487 lines (397 loc) · 24 KB

MQTT 5

Table of contents

Complete API documentation for the CRT's MQTT5 client can be found for

What's Different? (relative to the MQTT311 implementation)

SDK MQTT5 support comes from a separate client implementation. By doing so, we took the opportunity to incorporate feedback about the MQTT311 implementation that we could not apply without making breaking changes. If you're used to the MQTT311 implementation's API contract, there are a number of differences.

Major changes

  • The MQTT5 client does not treat initial connection failures differently from later connection failures. With the MQTT311 implementation, a failure during initial connect would halt reconnects.
  • The set of client lifecycle events is expanded and contains more detailed information whenever possible. All protocol data is exposed to the user.
  • MQTT operations are completed with the full associated ACK packet when possible.
  • New, optional behavioral configuration:
    • IoT Core specific validation - will validate and fail operations that break IoT Core specific restrictions
    • IoT Core specific flow control - will apply flow control to honor IoT Core specific per-connection limits and quotas
    • Flexible queue control - provides a number of options to control what happens to incomplete operations on a disconnection event
  • A new API has been added to query the internal state of the client's operation queue. This API allows the user to make more informed flow control decisions before submitting operations to the client. Simple, let-the-client-handle-it backpressure mechanisms are planned for future development.
  • Data can no longer back up on the socket. At most one frame of data is ever pending-write on the socket.
  • The MQTT5 client has a single message-received callback. Per-subscription callbacks are not supported.

Minor changes

  • Public API terminology has changed. You start or stop the MQTT5 client. This removes the semantic confusion with connect/disconnect as client-level controls vs. internal recurrent networking events.
  • With the MQTT311 implementation, there were two separate objects, a client and a connection. With MQTT5, there is only the client.

Not supported

Not all parts of the MQTT5 spec are supported by the implementation. We currently do not support:

  • AUTH packets and the authentication fields in the CONNECT packet
  • QoS 2

Client connection management

Once created, an MQTT5 client's configuration is immutable. Invoking start() on the client will put it into an active state where it recurrently establishes a connection to the configured remote endpoint. Reconnecting continues until you invoke stop().

    // Create the client
    let config : Mqtt5ClientConfig = {
        ...
    };

    let client : Mqtt5Client = new Mqtt5Client(config);

    // Attach event listeners
    client.on("messageReceived",(eventData: MessageReceivedEvent) : void => {
        console.log("Message Received event: " + JSON.stringify(eventData.message));
    });
    // etc...

    // Use the client
    client.start();
    ...

Invoking stop() breaks the current connection (if any) and moves the client into an idle state. When finished with an MQTT5 client, you must call close() on it or any associated native resources may leak.

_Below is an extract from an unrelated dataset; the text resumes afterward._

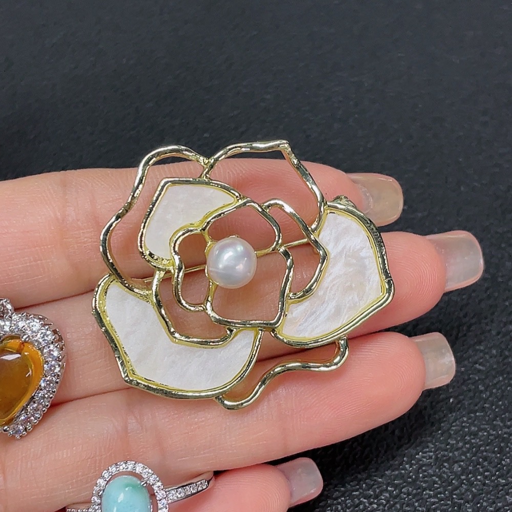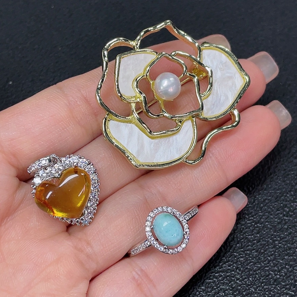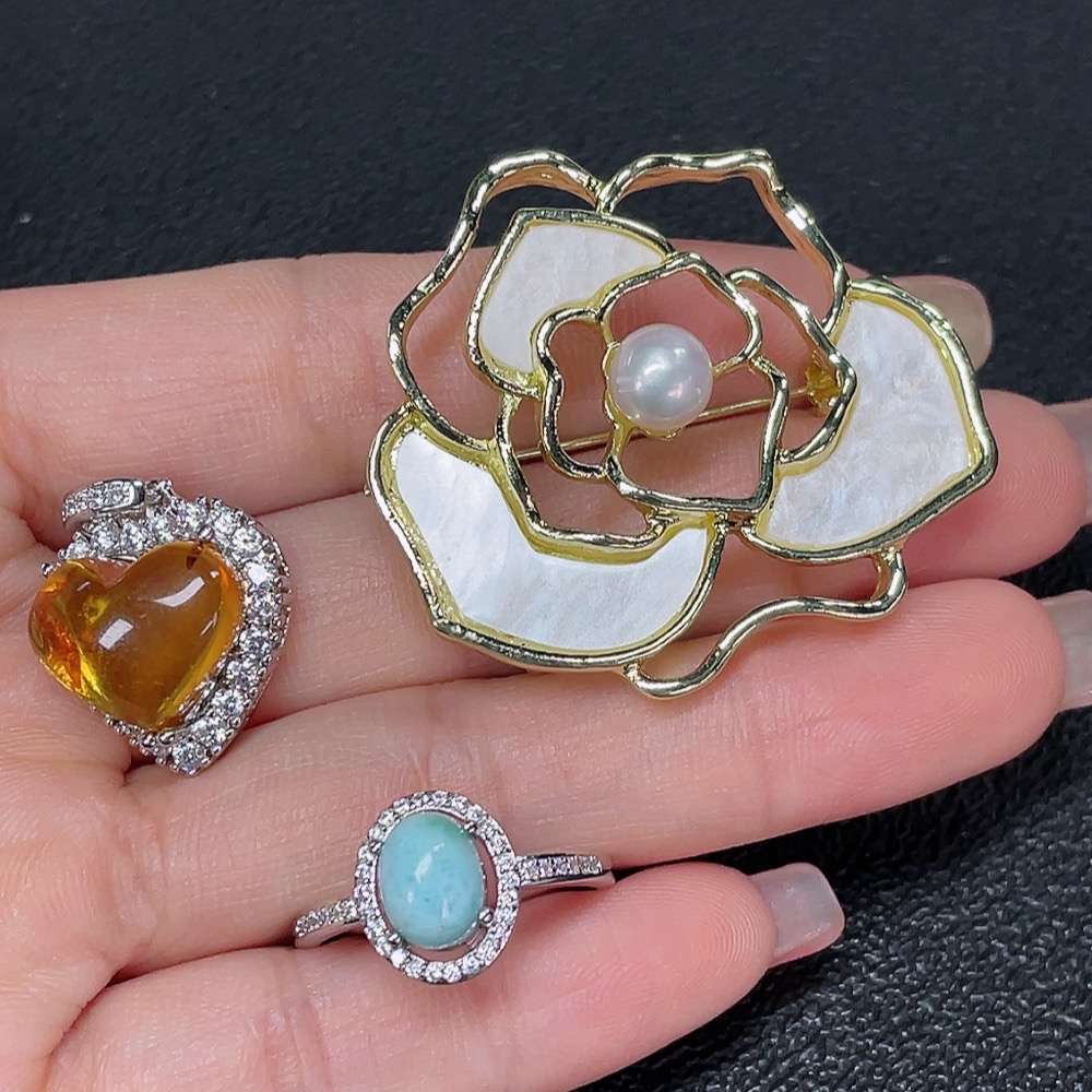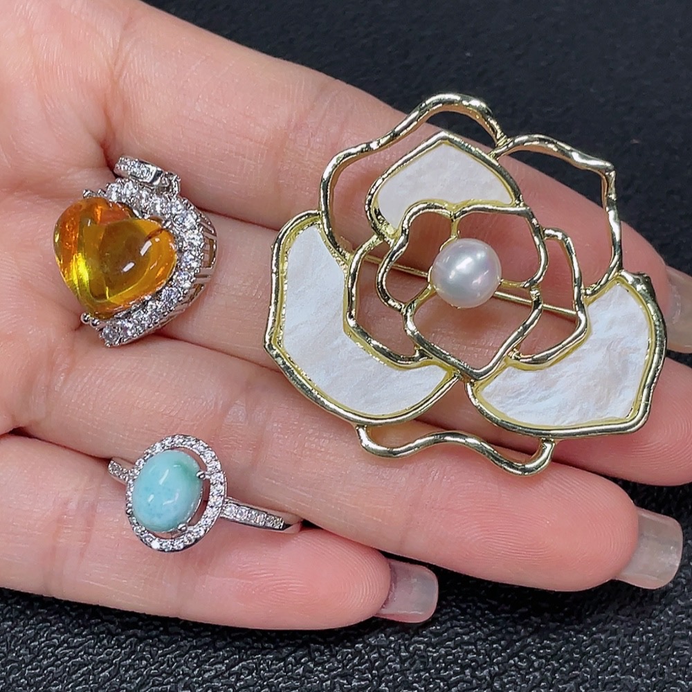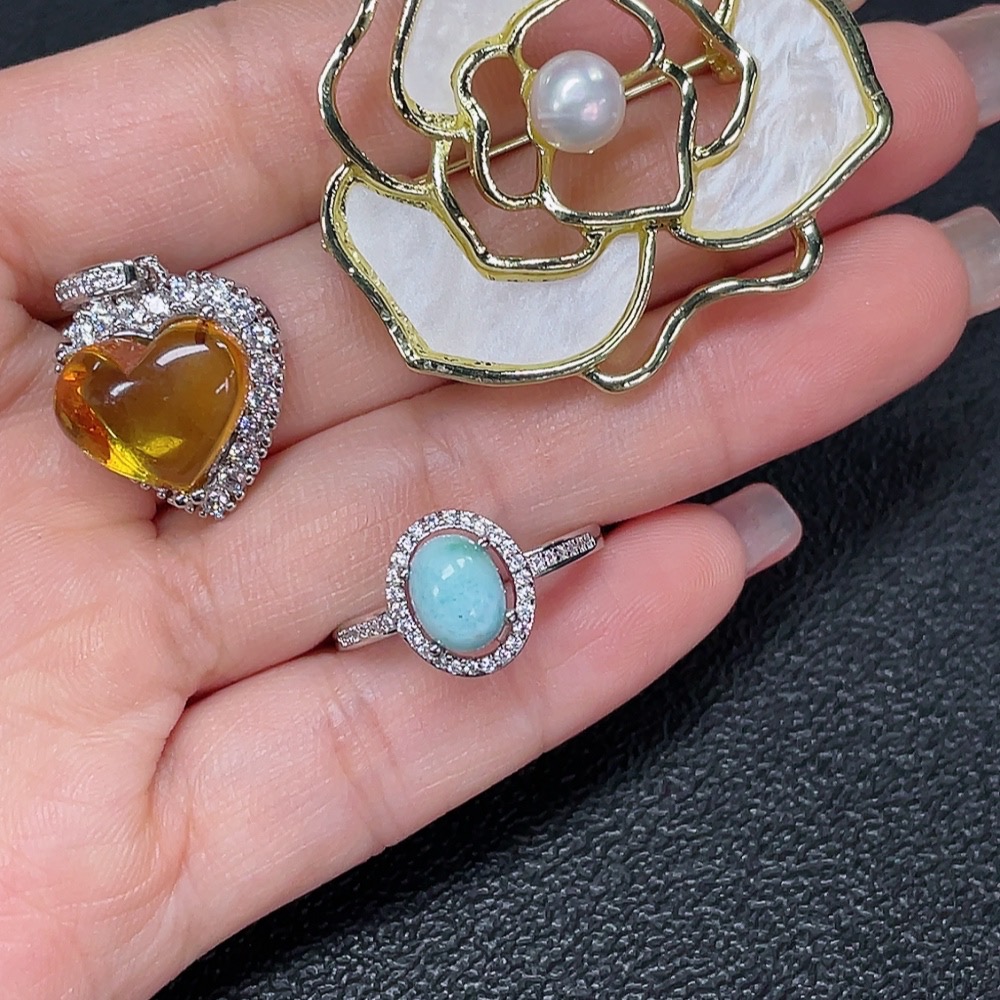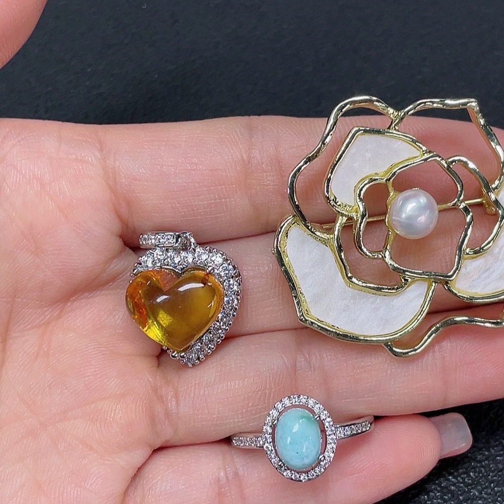 Pearl with non-natural gemstones, larimar, amber and beeswax inlaid ring + brooch + pendant, non-gold setting, total weight approximately 17.09 grams

    // Shutdown and clean up
    const stopped = once(client, Mqtt5Client.STOPPED);
    client.stop();
    await stopped;

    // release any native resources associated with the client
    client.close();

Client Events

The MQTT5 client emits a set of events related to state and network status changes. Event listeners may be attached for each event you wish to react to. Each event emits a single collection of event data (which may be empty, based on the event).

AttemptingConnect

Emitted when the client begins to open a connection to the configured endpoint. The AttemptingConnectEvent contains no further data.

ConnectionSuccess

Emitted when a connection attempt succeeds based on receipt of an affirmative CONNACK packet from the MQTT broker. A ConnectionSuccessEvent includes the MQTT broker's CONNACK packet, as well as a NegotiatedSettings structure which contains the final values for all variable MQTT session settings (based on protocol defaults, client configuration, and server response).

ConnectionFailure

Emitted when a connection attempt fails at any point between DNS resolution and CONNACK receipt. In addition to an error code, additional data may be present in the ConnectionFailureEvent based on the context. For example, if the remote endpoint sent a CONNACK with a failing reason code, the CONNACK packet will be included in the event data.

Disconnect

Emitted when the client's network connection is shut down, either by a local action, event, or a remote close or reset. Only emitted after a ConnectionSuccess event: a network connection that is shut down during the connecting process manifests as a ConnectionFailure event. A DisconnectEvent will always include an error code. If the event is due to the receipt of a server-sent DISCONNECT packet, the packet will also be included with the event data.

Stopped

Emitted once the client has shutdown any associated network connection and entered an idle state where it will no longer attempt to reconnect. A StoppedEvent contains no additional data. Only emitted after an invocation of stop() on the client. A stopped client may always be started again.

MessageReceived

Emitted for each PUBLISH packet received by the client. MessageReceivedEvent data contains the complete PublishPacket received.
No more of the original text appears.